Tuesday, April 18, 2006

. . . but gravity always wins

I think it's hard to remember a time when Radiohead wasn't a groundbreaking band. Well, upon viewing the (relatively) recently released DVD of a live set from May 1994, a lot of memories and thoughts came rolling in.

For a brief moment, forget about OK Computer, the career-defining album the band released in 1997. Back in '93 and '94, they could have very well been perceived as a grunge knockoff from the same school that Bush came from. They had an enormous-selling single called "Creep," a song that seemed to bottle all of the things perceived as stereotypical grunge. With its mopey, self-deprecating lyrics and soft to blaring dynamics along with an accompanying video featuring a singer with bleach-blonde hair looking like he's asleep at the microphone, Radiohead seemed to fit perfectly with the times. Yet the band was more than just their grungey contemporaries: they put out a stellar second album that put them in another place way far away from anyone else. Since then, a number of acts have taken their lead, but before that happened, Radiohead really had nothing to lose or gain by playing the London Astoria in May 1994.

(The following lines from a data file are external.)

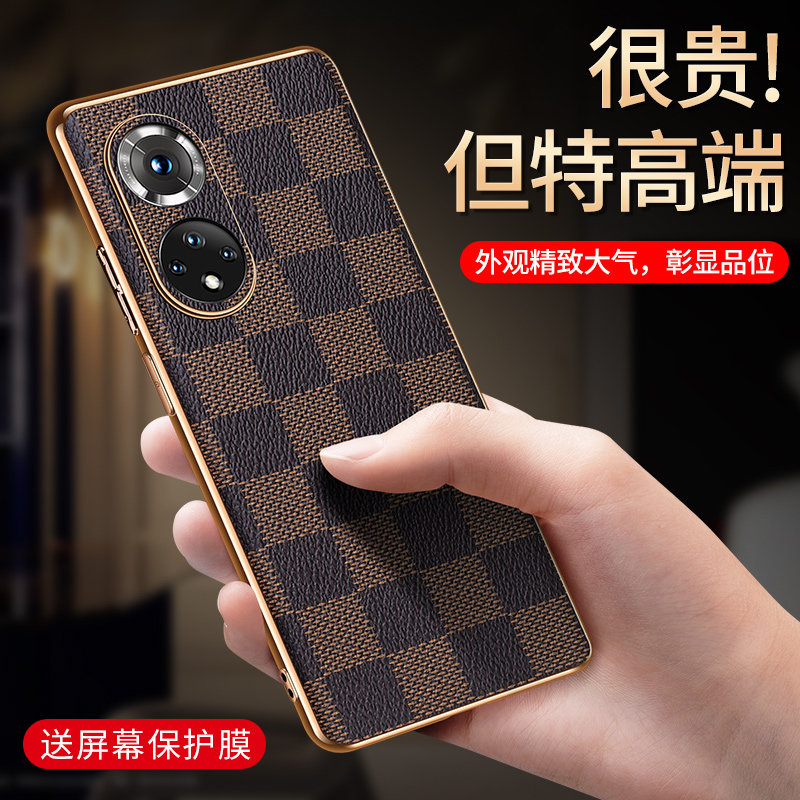 适用华为荣耀50手机壳磨砂高级感荣耀50Pro保护套新款素皮全包防摔荣耀50SE复古皮质轻奢时尚商务5G男士女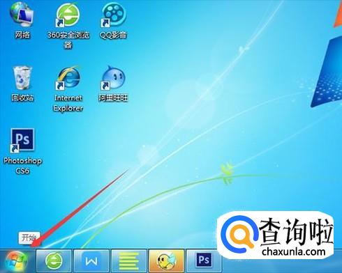打开电脑,单击屏幕下方开始菜单,如下图;
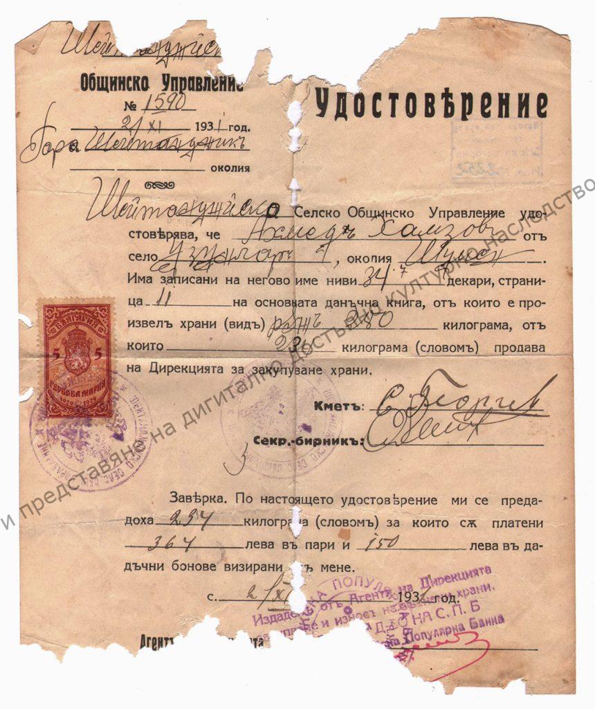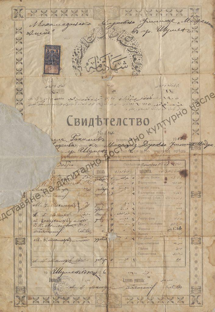 Свидетелство за завършено мохамеданско духовно училище „Медресета Айше“ в гр. Шумен на Рахимов 1926 г.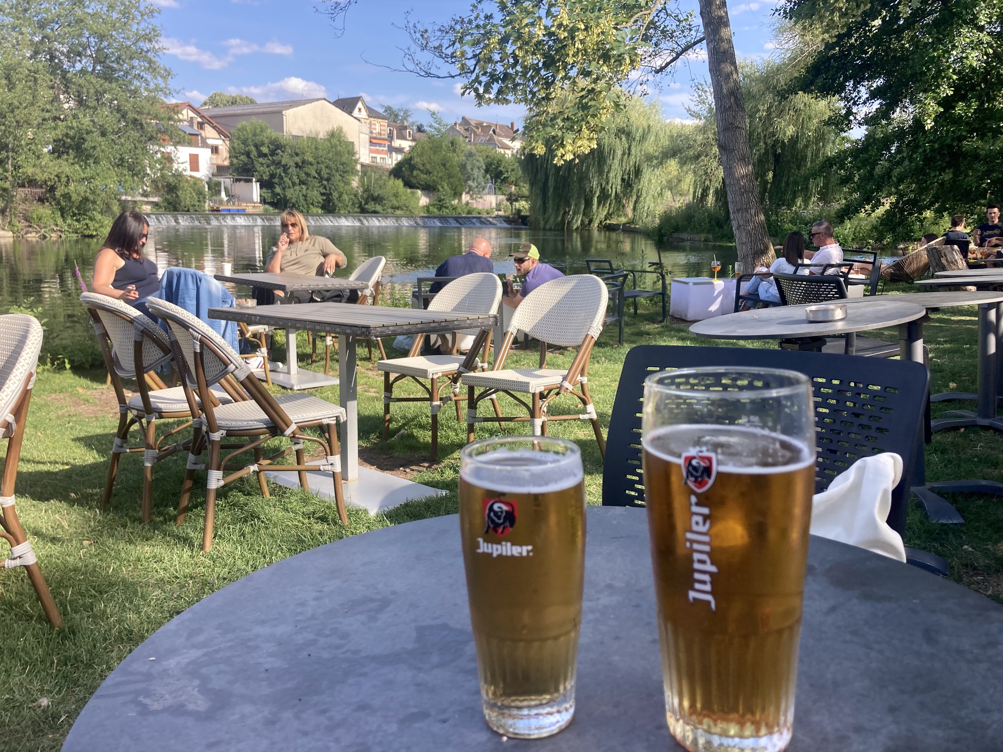 After a beer on the grassy banks we explored the food offerings and settled on a freshly made savoury galette each, with a glass of local wine.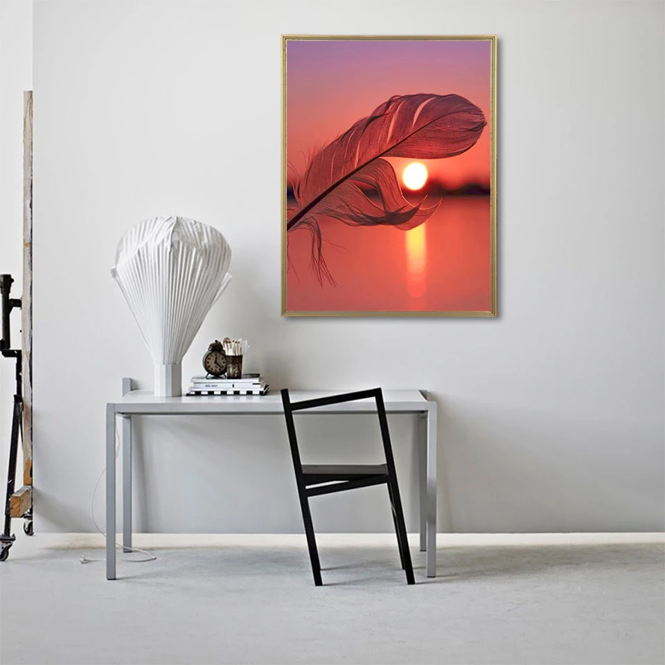 5D алмазная живопись сделай сам, вышивка крестиком, перо, листья, мозаика, полноразмерная, круглая, стразы, домашний декор, рукоделие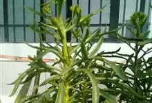 伽蓝菜是景天科伽蓝菜属植物。多年生草本,高20-100厘米。叶对生,中部叶羽状深裂,全长8-15厘米,裂片线形或线状披针形。聚伞花序排列圆锥状,长10-30厘米;苞片线形。花期3月。…全部>>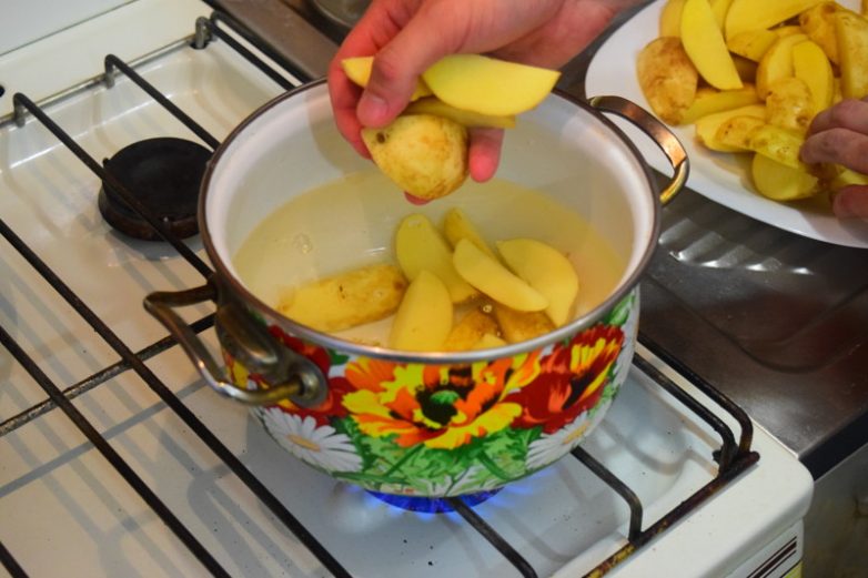 Картофель режем на 4 дольки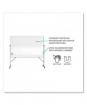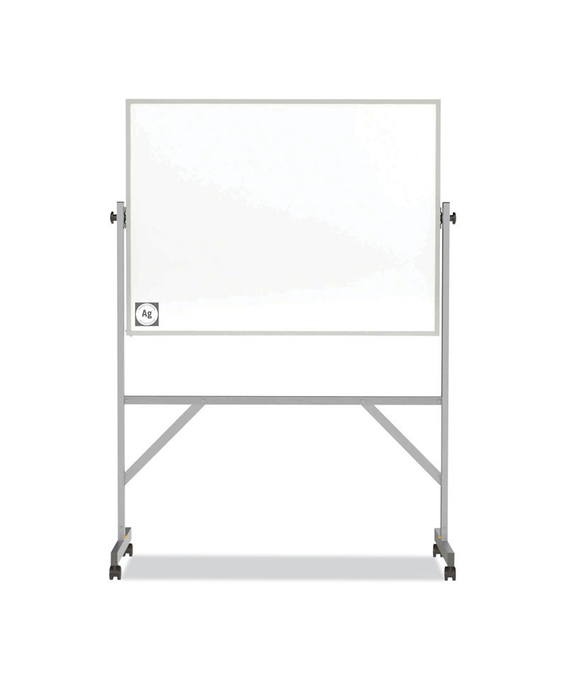 Reversible Magnetic Hygienic Porcelain Whiteboard with aluminum frame and stand is the perfect solution for high-touch, high-use environments where mobility is desired. The traditional functionality of a mobile, magnetic, reversible whiteboard combines with a clean, next-generation writing surface to take whiteboard performance to the next level. The porcelain-on-steel surface features embedded micro-silver particles that are slowly released over the lifetime of the product to protect it from bacterial and viral contaminants-contaminants are eliminated within 24 hours of contact. Scratch- and dent-resistant surface also ensures that your dry erase board never absorbs ink, eliminating the possibility of staining and ghosting. As the surface is magnetic, you can incorporate magnetic clips, characters and a variety of board accessories to accomplish any number of display and instructional goals. Strong aluminum frame and stand deliver reliable durability, and a robust, locking surface-reversing mechanism makes it easy to flip and set the chosen board surface in place. Twin-wheel swivel casters keep you mobile; and by making use of the two locking casters, you can keep the board stable where you intend to use it. Ships to you in Ghent's worry-free packaging, which is designed specifically for keeping mobile dry erase boards safe during shipping.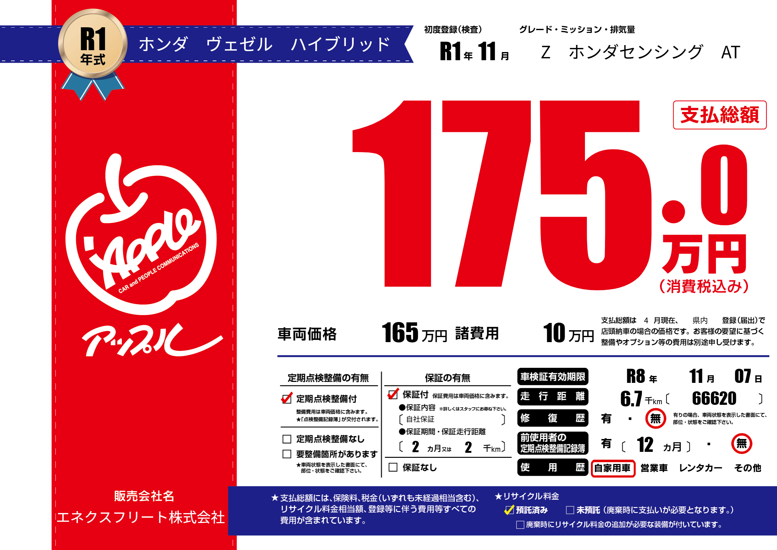 なし | 車検制限 | R8年11月07月 |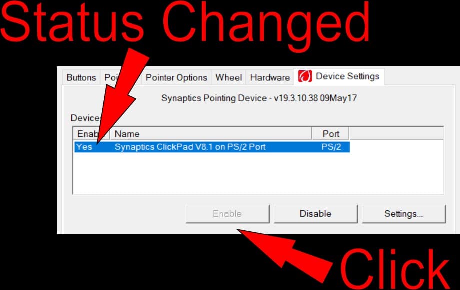 If your device is disabled, click on Enable to activate your trackpad.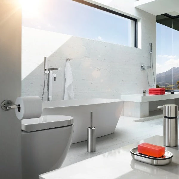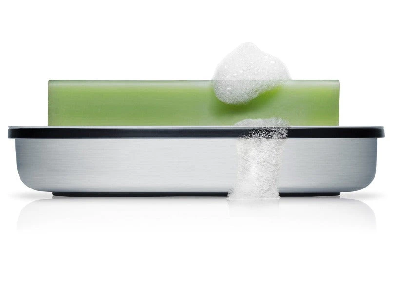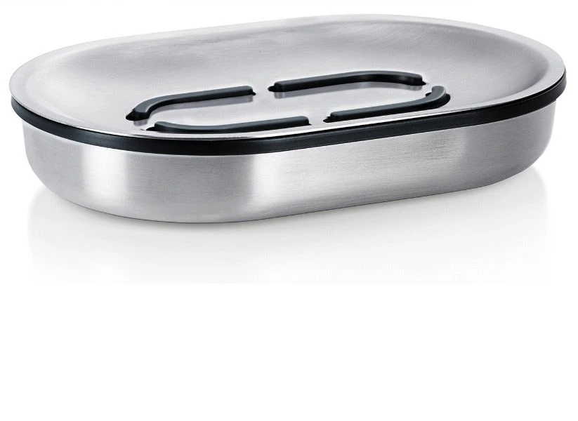 With the blomus AREO Stainless Steel Soap Dish, the extended oval shape with a matt-black plastic trim has become a design feature of the series.  The shape of the soap dish reflects this aesthetic feature of AREO-bathroom accessories.  The removable grate in the Soap Dish allows the soap to dry and also makes for easy cleaning of the dish.  A rubberized base provides a secure, non-slip stand.Â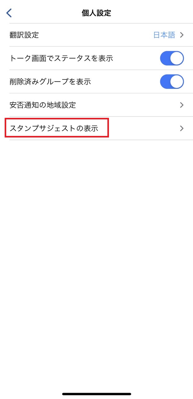 一番下にある「スタンプのサジェスト表示」をタップしましょう?♀️?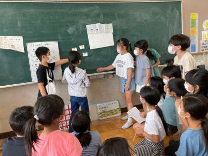 イベント係の子ども達が,イベントを開催してクラスを盛り上げてくれました。今回は「宝くじ大会」です。まずは一人ひとりに番号が書かれた紙が手渡されます。係の子どもが当選番号を発表を発表して,当選者が決まります。写真は当選番号をのぞき込む子どもたちの様子です。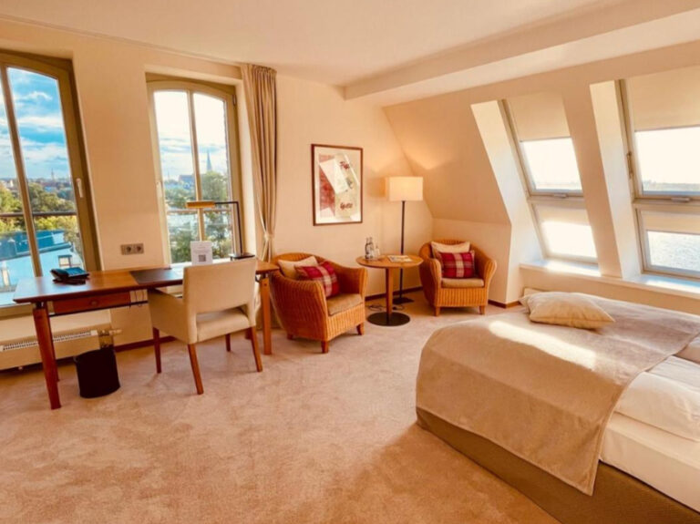 inkl. Frühstück und "SpeichersInklusive" die schönsten Zimmer unterm Dach mit Weitblick und Teestation, 180er Bett mit getrennten Matratzen, Abb. Zimmer 608 ist ein Beispiel

The Astoria London Live features Radiohead presenting soon-to-be classics (aka, songs from the sophomore album The Bends) and songs that they would rarely play live ever again (aka, songs from their debut album, Pablo Honey). The set is surprisingly top-heavy with songs from The Bends along with highlights from Pablo Honey. Since The Bends had yet to be completed, a few arrangements on songs are different. Hearing the drums kick in halfway through the first verse of "Fake Plastic Trees" and hearing a cold intro to "Black Star" are very subtle differences than their recorded versions, but I thought this was a cool little alternate look at these songs.

Once The Bends was released, it surprised a lot of people, including myself. Here was the "Creep" band making something a little more tuneful and incredibly more mature than anything else out there. I was slow in being convinced, but when I saw Radiohead open for R.E.M. in late-'95, I was pretty blown away. I may have my memories off, but I vividly remember when a lot of mainstream rock critics were declaring "rock is dead" in 1996 and 1997. For every one Radiohead, there was about fifteen grunge placeholders (like Seven Mary Three and Silverchair). Plus, there was some overcrowding in the world of British imports (a certain band called Oasis comes to mind). The thought to make was easy: guitar rock was dead in the US mainstream and something new had to come. Eyes were on electronic-based music from England as the next big thing.

Well, despite the Prodigy and the Chemical Brothers having hit records, electronica was not the next big thing. The album that turned so many heads (and I believe shut up a number of "rock is dead" critics) was Radiohead's OK Computer. I'm still amazed at how far a band went from Pablo Honey to The Bends to OK Computer in just four years. The sad thing is, judging solely on Billboard singles charts, Radiohead is sometimes seen as a one-hit wonder. Nevermind all the times that MTV and M2 played "High and Dry," "Paranoid Android" and "Karma Police" back in their day, the only single of their's to cross over into the mainstream was "Creep." That's truly a shame, but I think the same could be done to Pink Floyd. A couple of their songs ("Money" and "Another Brick in the Wall Part II") ranked high on the charts, they weren't like Diana Ross & the Supremes with a string of number one hit singles.

Maybe I'm comparing Jupiter to Pluto here, but Radiohead is one of those bands that really gave us grunge fans something to really sink out teeth in with as we started college. I still think highly of Radiohead, especially The Bends and OK Computer, and there isn't a doubt in my mind that the band will be held in high regard as Led Zeppelin and Pink Floyd someday in the future. Just by watching The Astoria London Live made me realize that this stuff doesn't happen overnight.